BEGIN Given material

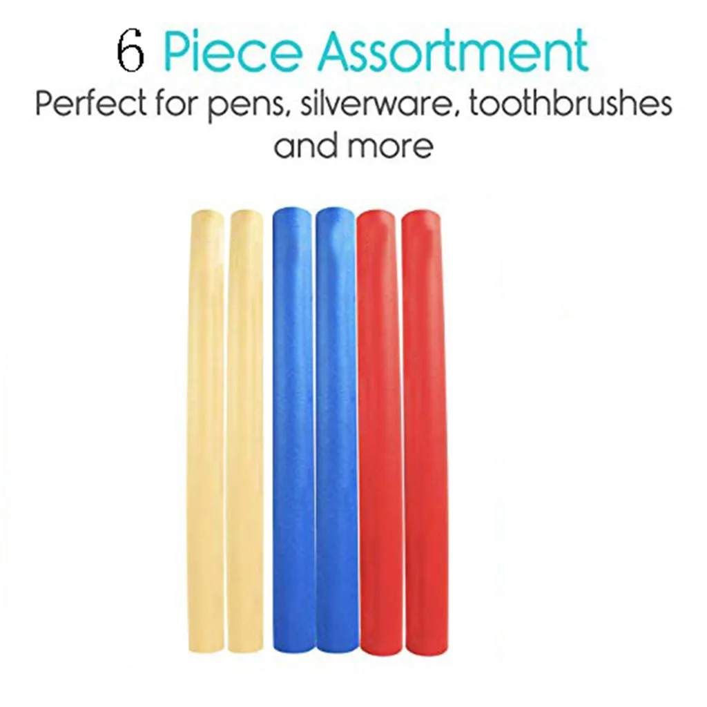 6 шт. ассортимент диаметров и цветов: упаковка содержит 6 штук труб. Синие пенопластовые трубки имеют диаметр 1,6 см и идеально подходят для ножей и более толстой посуды. Красные пенопластовые трубки 0,95 см и наиболее полезны для ложек и вилок. Самая маленькая трубка
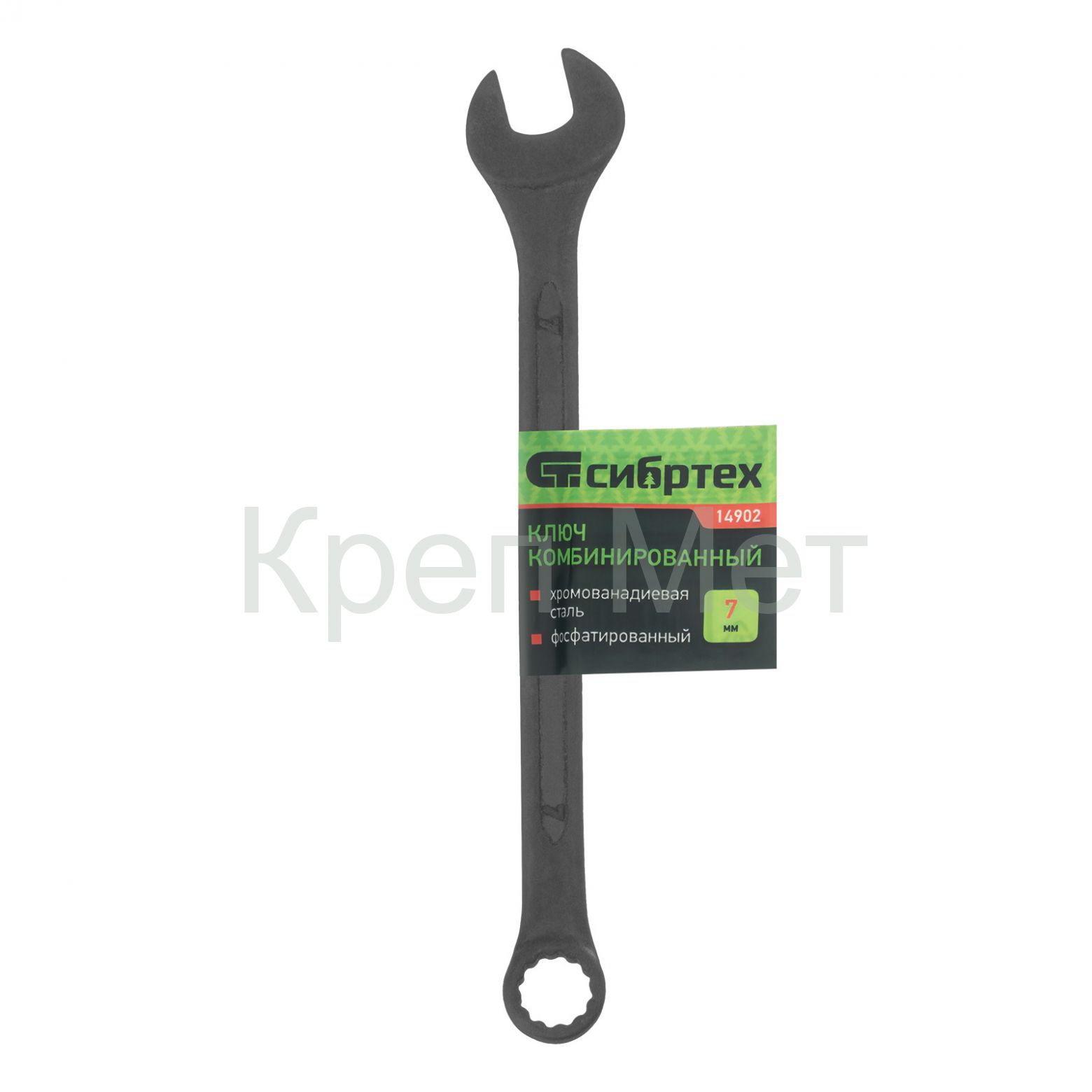 Ключ комбинированый, 7 мм, CrV, фосфатированный Сибртех
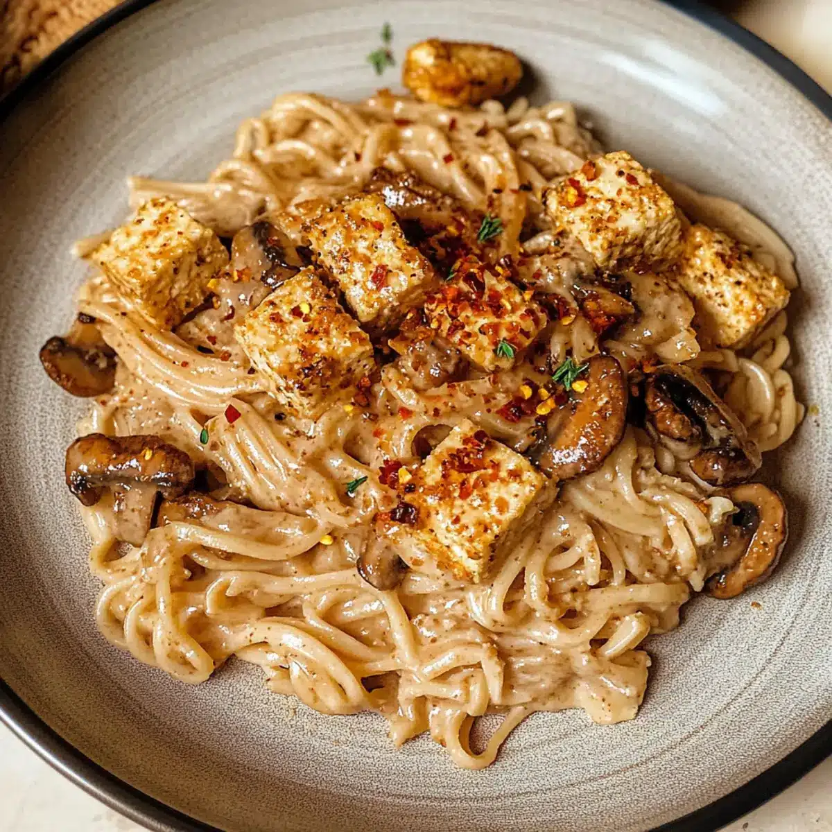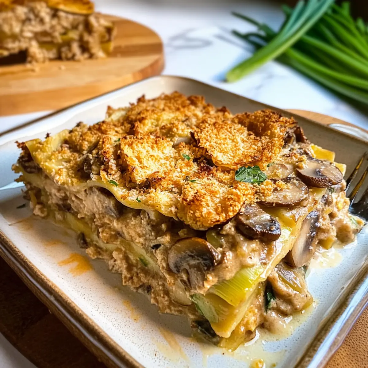 Pilzlasagne mit Lauch und knusprigem Tofu-Topping
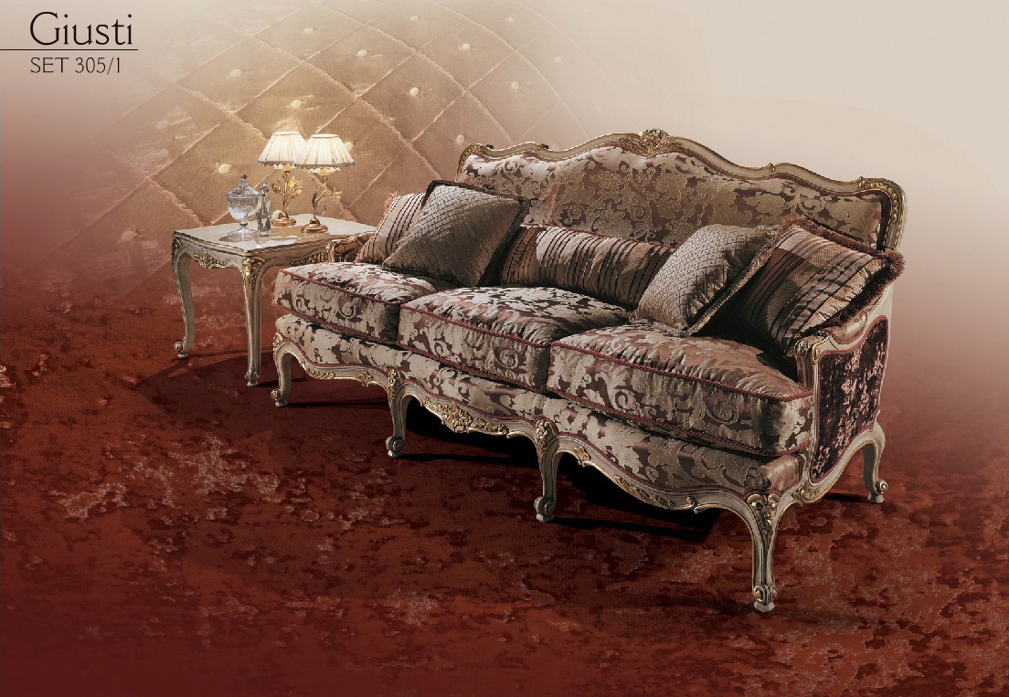 Three seater sofa Giusti from the Italian manufacturer Angelo Cappellini. Frame and shaped legs made from solid wood. The surface is covered with varnish. Upholstery textile from the collection company. The seat cushion is removable. The filler is polyurethane foam and goose feather. Decoration is the decorative carving handmade.

END Given material

Assigned task: The whole listing above is to be printed exactly; the pictures stay out.

Problem solution:
 6 шт. ассортимент диаметров и цветов: упаковка содержит 6 штук труб. Синие пенопластовые трубки имеют диаметр 1,6 см и идеально подходят для ножей и более толстой посуды. Красные пенопластовые трубки 0,95 см и наиболее полезны для ложек и вилок. Самая маленькая трубка
 Ключ комбинированый, 7 мм, CrV, фосфатированный Сибртех
 Pilzlasagne mit Lauch und knusprigem Tofu-Topping
 Three seater sofa Giusti from the Italian manufacturer Angelo Cappellini. Frame and shaped legs made from solid wood. The surface is covered with varnish. Upholstery textile from the collection company. The seat cushion is removable. The filler is polyurethane foam and goose feather. Decoration is the decorative carving handmade.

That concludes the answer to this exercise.